Para a presidente da comissão de Direito Administrativo da Ordem dos Advogados do Brasil – seção Goiás (OAB-GO), conselheira seccional, especialista em licitações e contratos administrativos, Camila Diniz, a nova lei de licitações (Lei 14.133/21), em vigor desde 1º de abril de 2021, implementou mudanças profundas no processo de licitação e tem tudo para tornar a contratação de bens e serviços mais eficiente.

Ela explica que a legislação é um instrumento importante no combate às fraudes por trazer novos processos e etapas a serem seguidas, dando atenção especial à fase de planejamento da licitação. Assim, seguindo o que manda a lei, a possibilidade de erro, fraude ou benefícios a terceiros diminui substancialmente. “A fase preparatória é a mais importante da licitação. Tenho que saber o que vou comprar. E a Lei 14.133 obriga que a administração pública faça o planejamento correto”, explicou.

Ainda sobre o tema, tem novidade chegando em abril: as leis anteriores que tratavam sobre a questão – Lei nº 8.666/93, Lei nº 10.520/00 (Lei do Pregão) e Lei nº 12.492/11 (Regime Diferenciado de Contratação) – serão revogadas no fim da próxima semana, no dia 1º de abril de 2023. Na prática, isso deve mudar a rotina de órgãos públicos em seus procedimentos licitatórios.

Entenda como funciona

A licitação é um procedimento formal necessário – uma obrigação legal – para que qualquer administração pública contrate serviços ou adquira produtos. A lei que trata do tema – e que ainda está em vigor até o fim do mês – completaria 30 anos neste ano.

A Lei 8.666 é de junho de 93 e, para a especialista, muita coisa mudou nesse período e os novos tempos pedem uma lei que garanta um processo menos engessado, mais objetivo e transparente. “A sociedade evolui e a lei foi ficando desatualizada com o tempo e trazendo problemas pra quem trabalha com isso”, explicou a advogada.

A ideia é que as modificações na lei de licitações traga mais agilidade para a compra e contratação de bens e serviços pelos governos. E a boa notícia, na visão da conselheira é que ela deve diminuir custos operacionais ao adotar, como regra, o meio eletrônico. “Licitações presenciais serão uma exceção”, afirmou a especialista.

Segundo ela, o novo texto extinguiu as modalidades carta convite e tomada de preços – elas só podem ser usados até o fim do mês de março – e inseriu um novo modelo de licitação: diálogo competitivo. Em linhas gerais, o novo tipo de modalidade diálogo competitivo vai ser usado quando a Administração fizer licitações de bens ou serviços de uso comum, mas que não podem ser encontrado com facilidade em muitos fornecedores.
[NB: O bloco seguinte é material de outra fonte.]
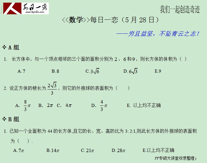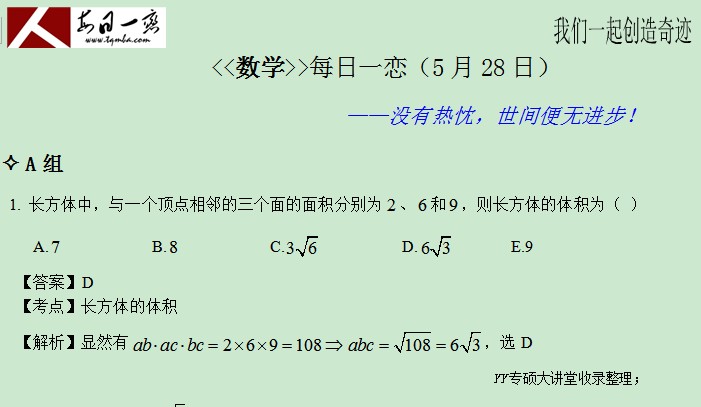 管理類碩士官方備考群,考生互動(dòng),擇校評估,真題討論 點(diǎn)擊加入備考群>>從本周一(5月26日)開始,每日一“戀”各科不再發(fā)放詳解,相關(guān)題目解析每周在太奇YY大講堂由老師進(jìn)行統(tǒng)一講解,每周課程在太奇YY大講堂萬人備考群進(jìn)行公布,YY群號:9444754 YY聽課頻道:57378066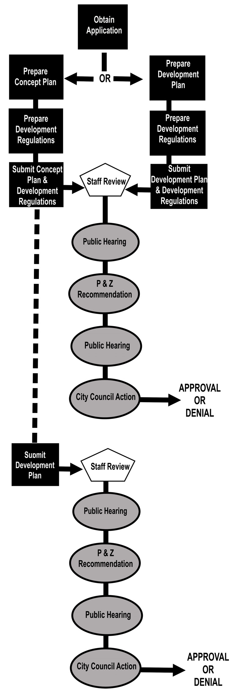 CONCEPT AND DEVELOPMENT PLAN: In establishing a planned development district, the city council shall approve and file as part of the amending ordinance appropriate plans and standards for each planned development district. During the review and public hearing process, the city council shall require a concept plan and/or a development plan (or detail site plan) in accordance with these regulations.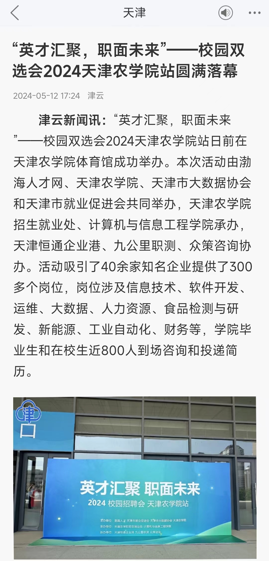 2024年5月12日,津云报道“英才汇聚,职面未来 ”——校园双选会2024威客电竞站在我校体育馆成功举办。活动吸引了40余家知名企业提供了300多个岗位,岗位涉及信息技术、软件开发、运维、大数据、人力资源、食品检测与研发、新能源、工业自动化、财务等。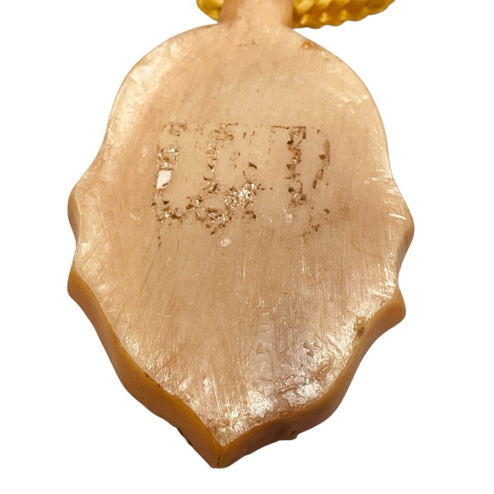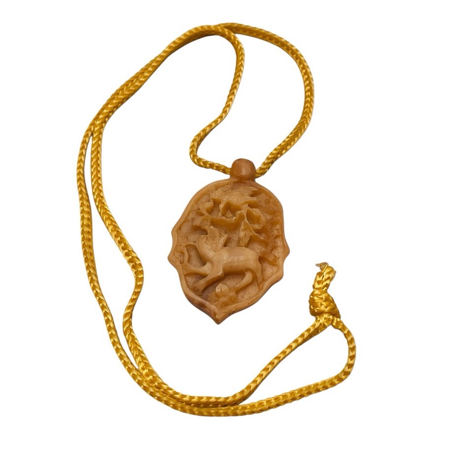 This estate find is an exquisite vintage Chinese Yupei pendant that features a hand-carved tiger and bird made of natural Hetian jade. The pendant showcases the beautiful orange toned color of the jade and the intricate details of the bird and tiger's design.

“A modalidade diálogo competitivo é usada quando um produto ou serviço é muito técnico, específico, e que com poucos fornecedores disponíveis”, detalhou Camila. Um exemplo de quando poderá ser feito esse tipo de licitação é para a compra de certos tipos de medicamentos, quando não existir a oferta deles em muitos laboratórios. A ideia, portanto, é garantir a demanda e a oferta do produto sem interrupções.

E, com as mudanças, a advogada pontua que é fundamental a capacitação dos servidores públicos, principalmente de municípios pequenos, para que não haja erros nem fraudes que possam comprometer o funcionamento da máquina pública. “Os servidores não têm incentivo para se capacitarem, especialmente nos municípios menores. Não adianta só a lei ser boa, precisa ter conhecimento sobre ela para que a aplicação seja feita corretamente”, avaliou.